• Provided material:
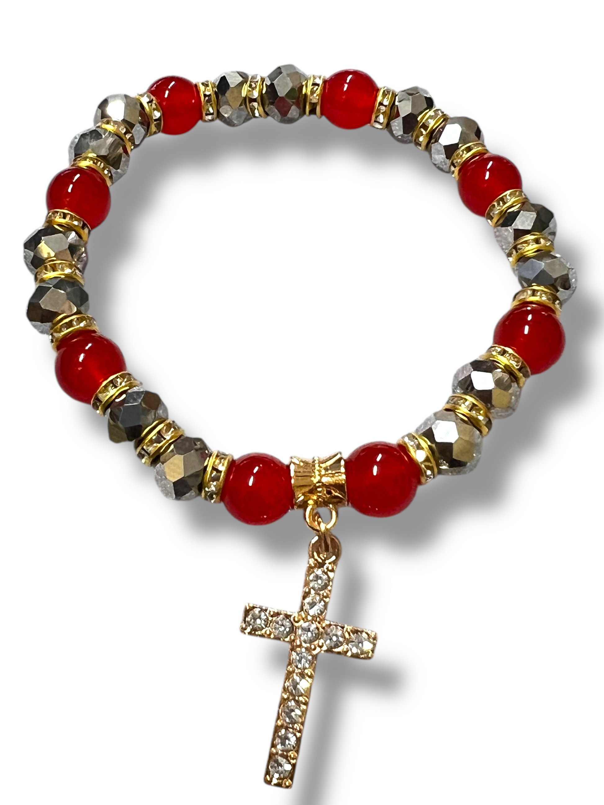 Pulsera de vidrio a color con cruz colgante de diamantina -una talla para todos.
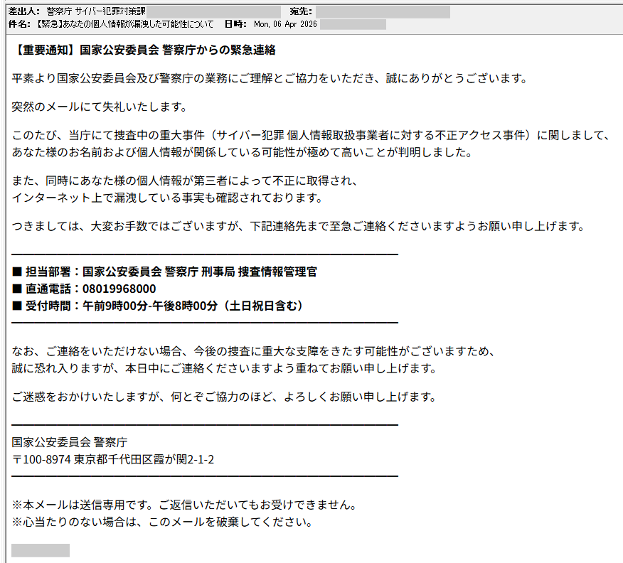 「【緊急】あなたの個人情報が漏洩した可能性について」という件名で届く、警察を騙った詐欺メール。
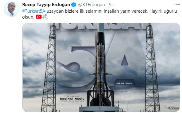 Türkiye'nin 5'inci nesil uydusu Türksat 5A, Space X firmasına ait Falcon 9 roketi ile uzaya gönderildi.
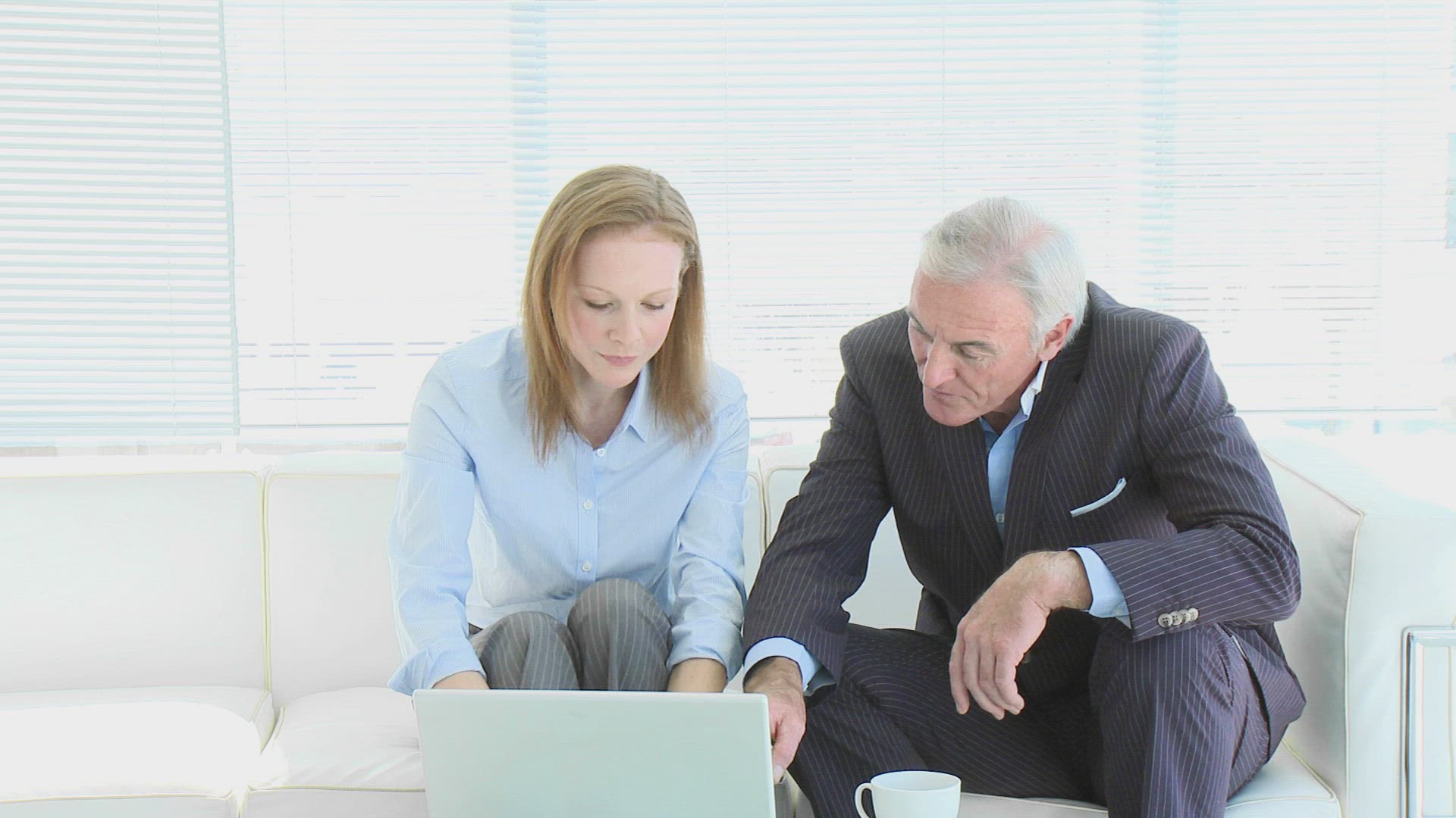 Businesswoman and senior businessman working with a laptop

• Action item:
Only the lines from the one containing "Türkiye'nin 5'inci nesil" through the last line of the data above, both included, belong in the reply, each restated exactly and without pictures.

• Finished task:
 Türkiye'nin 5'inci nesil uydusu Türksat 5A, Space X firmasına ait Falcon 9 roketi ile uzaya gönderildi.
 Businesswoman and senior businessman working with a laptop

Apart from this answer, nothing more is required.